A 61-year-old caretaker, severely injured by one rocket, is unconscious in an Ashkelon hospital and schools have shut early for the summer holiday in response to parents' fears for their children's safety.

Mr Peretz, who joined a visit by the state President Moshe Katsav after Mr Moyal threatened direct action by residents to block anyone ­ including the Defence Minister ­ from entering or leaving the town for 24 hours ­ declared: "I will do everything possible in order to avoid an escalation because it would lead to days of Qassam barrages." Mr Peretz has not ruled out an unexploded Israeli shell as the cause of the deaths in Gaza 10 days ago.

But he strongly hinted he would step up air strikes against Gaza militants if the rockets did not stop. "We definitely intend to stop the firing of rockets towards Israel," he asserted.

Earlier, Mr Moyal declared: "This is a government which cannot protect the lives of its citizens. After disengagement all the leaders declared on the front pages of the Israeli media that Israel would now have more security. Since then there have been more than 1,000 Qassams, and a Sderot man is fighting for his life in hospital."

Mr Moyal said the United States had set an example by invading Afganistan after 11 September and added: "If it was the Americans who lived in Sderot, there would not be a building standing in Gaza."

A total of five residents have been killed by Qassams in the past five years. While the toll is dwarfed by the far greater loss of Palestinian civilian life in Gaza, residents ­ by no means all critics of Mr Peretz ­ said that everyone's nerves were at breaking point.

At a protest tent near the Defence Minister's home, where nine residents are on hunger strike ­ taking only liquids ­ Rami Cohen, 66, said it was a "miracle" that the death toll was not higher. If a recent rocket had landed seven metres from where it fell three weeks ago, "the children playing nearby would have all been killed".

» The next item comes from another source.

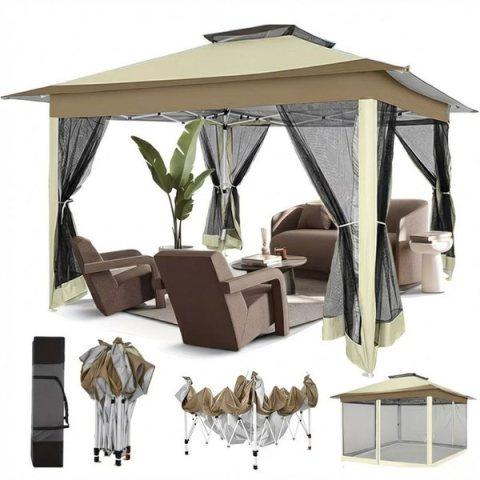 Prémium Összecsukható Kerti Pavilon és Partisátor Szúnyoghálóval (3x3m) - Khaki XH1000824-2 kerti bútor termékleírás

Jack Cohen, 70, a relative, said: "I have been through most of Israel's wars. I have never been as frightened as this. I am frightened for my children and my grandchildren. A Qassam fell in my garden. Thank God the children were not there."

Moshe Cohen, 72, another relative originally from Morocco, and chairman of the local pensioners' association, said: "I don't want people to think we don't want peace with the Palestinians because of the Qassams. We all want peace.

"But you see how the world is talking about the Ghalia family [killed in the Gaza beach explosion] when it is not clear we did it. Who pays attention to our problems? Who knows about them?"

One of the hunger strikers, Sima Haddad, aged 33, said: "The army should use more force. For five years there has been no solution for Sderot. The army should go into Gaza and scrub them out."